-- Exercise instructions --
Write each line out exactly, from the one containing "A készletben 750" through the final line of the data, and keep pictures out of the copy.

-- Data segment --
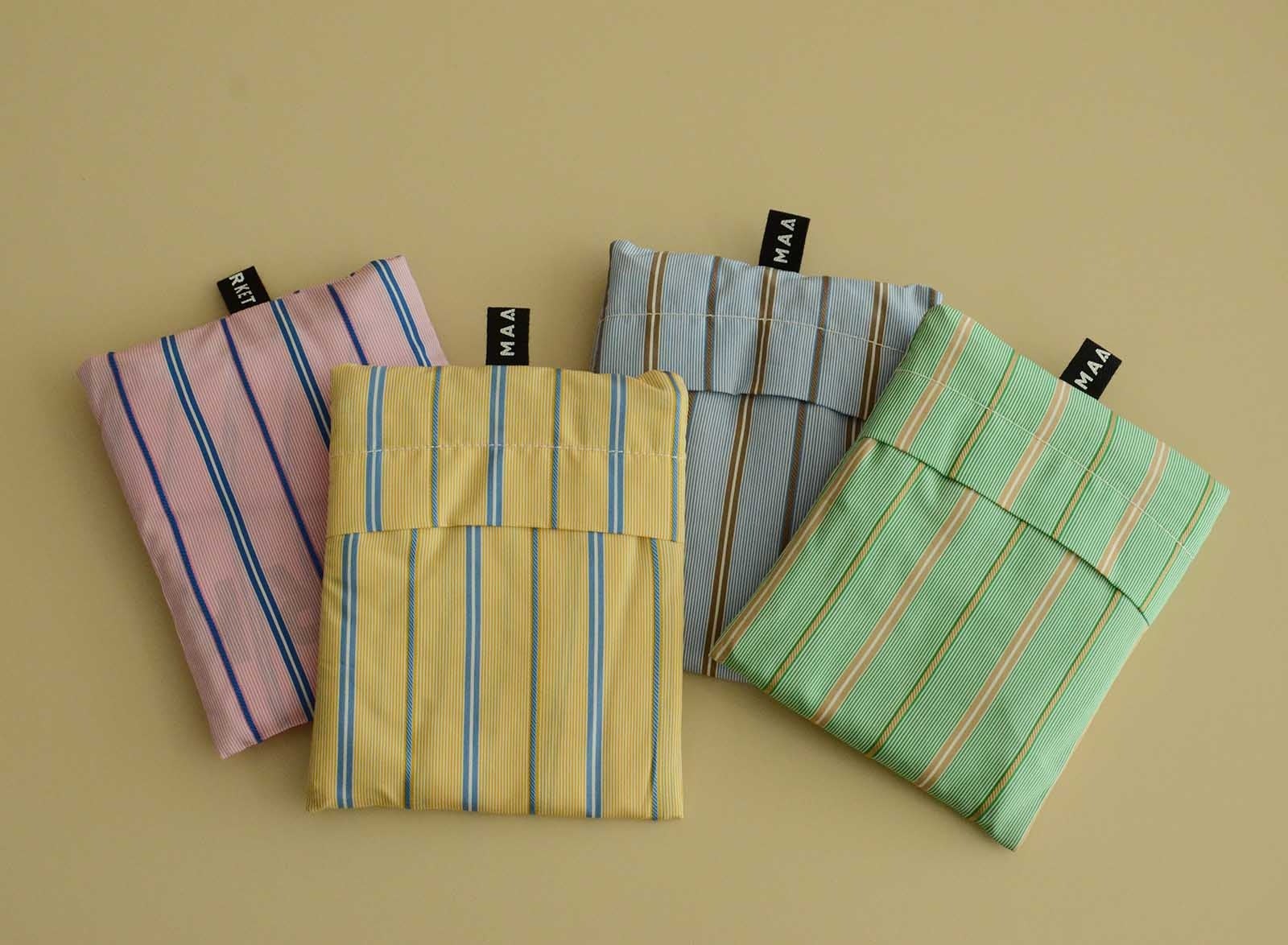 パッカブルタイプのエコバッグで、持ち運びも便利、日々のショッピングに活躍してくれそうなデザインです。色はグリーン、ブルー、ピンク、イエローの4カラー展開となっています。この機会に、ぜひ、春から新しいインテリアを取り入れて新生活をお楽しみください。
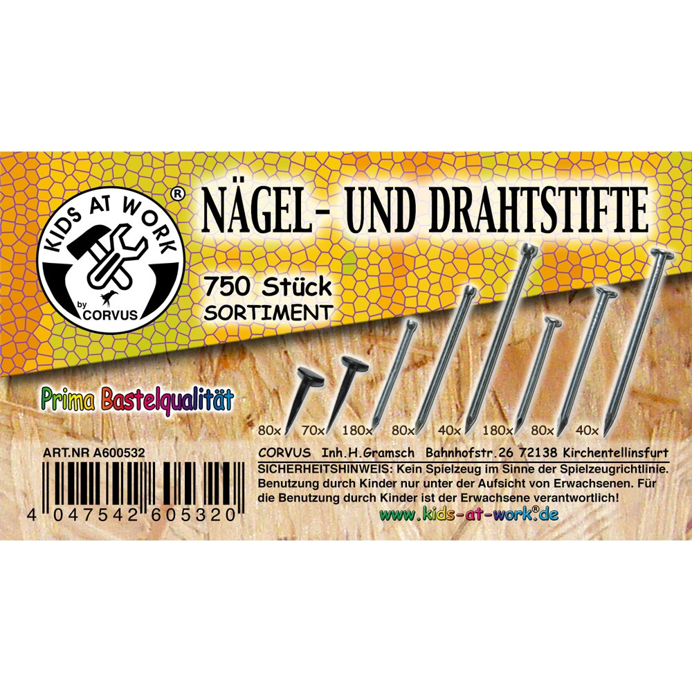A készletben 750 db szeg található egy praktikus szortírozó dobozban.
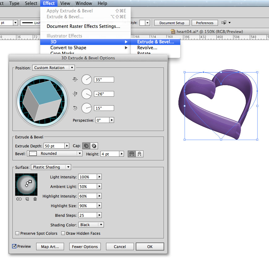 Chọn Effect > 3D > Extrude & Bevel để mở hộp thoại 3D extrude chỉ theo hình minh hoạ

-- Completed exercise --
A készletben 750 db szeg található egy praktikus szortírozó dobozban.
 Chọn Effect > 3D > Extrude & Bevel để mở hộp thoại 3D extrude chỉ theo hình minh hoạ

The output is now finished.